Author Archives: Luke Erickson


P2C “Architecture As Infinity” Luke Erickson

architecture as infinity – luke erickson

Adaptation can be defined as conditioning to make suitable to a changing environment. In architecture this might be assumed to be incredibly important, yet architects often take a different approach. Instead of absorbing and learning from the environment, many buildings are built merely to weather the storm; to last as long as they can without falling down. Architects and their creations are applauded for designs meant to last “100 years.” With the use of parametric design and incubating adaptive approaches to architecture, buildings could last thousands of years. Nicholas Wade of the New York Times notes that, “Even the bones endure nonstop makeover. The entire human skeleton is thought to be replaced every 10 years or so in adults, as twin construction crews of bone-dissolving and bone-rebuilding cells combine to remodel it.” The human body is able to replace it’s own structure approximately every 10 years due to the rehabilitating infrastructure in place. Architecture can mimic the human reconstruction process by recycling materials as they decay. If a maintenance system of this efficiency were implemented in architectural design, a building would not just be an investment rendered archaic in at most a few lifetimes, but a place for many future generations.
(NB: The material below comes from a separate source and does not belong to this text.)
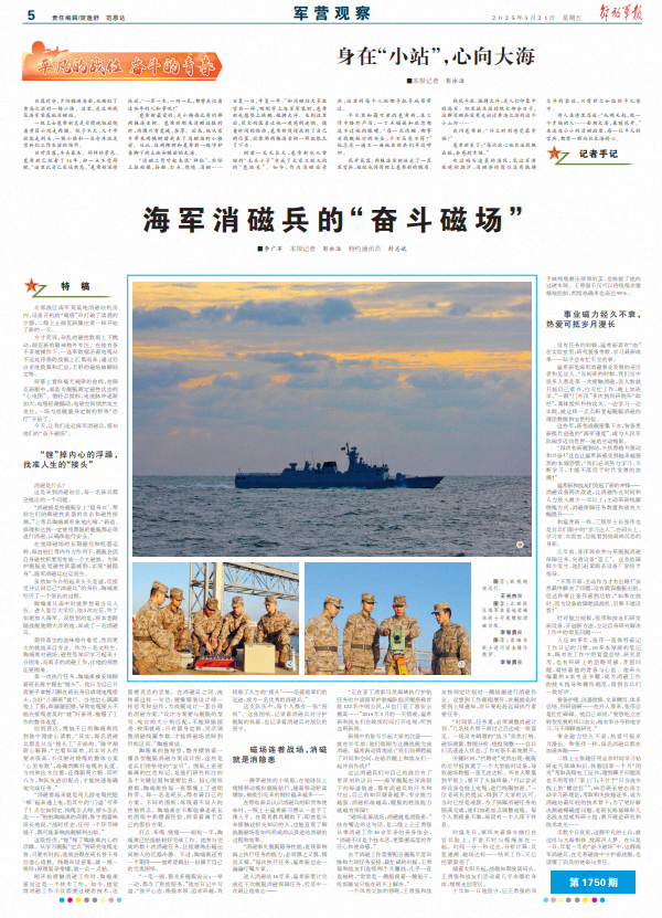 “一笔一画,都关系舰艇安全;一举一动,都为了胜战服务。”他在日记中写道,“放平心态、练强本领、追求卓越,我找准了人生的‘接头’——沿着前辈们的足迹,成为一名优秀的消磁兵。”

This theory cannot only be applied to singular buildings, but also to complexes of architecture and even cities. A key word here is generation. Generation as group of people born in a similar time span and (re)generation as the birth of new cultures that is inherent with each new society. Whether the differences of generation are purely aesthetic or extend to program, architecture can respond to these changes. As technology advances and the construction of skyscrapers shortens from years to weeks, architectural permanence should not be assumed. Architecture is born of the values of those who created it, so why should those who did not create it be suppressed in an environment that does not progress contemporary agendas.

There is something to be said here for nostalgia. Not all past influences are negative, and therefore not forgotten. This hypothesis of regeneration does not cover the past, good or bad. Adaptations are grown and constantly referencing past successes and failures. In this way, regenerative environments are imbued with considerably more historical value than most architecture today, merely built on top of “the site of” some other historical landmark. Adaptive architecture argues for a new collaboration between historic preservation and architecture in an unprecedented fashion. Too often, preservationists and progressive architects clash over the ideals of the past and the future, making the present a battleground. Through regenerative architecture both sides can be appeased presently, without compromise.

Architecture does not have to be about the past, the present, or the future. Through regeneration architecture can define all and none. Inhabitants control the environment in an unprecedented way. When mistakes are made (or discovered as in the case of many progressive designs) they can be incorporated into the next generation flawlessly and quickly. This is architecture as infinity; architecture as a true morphology endlessly in flux.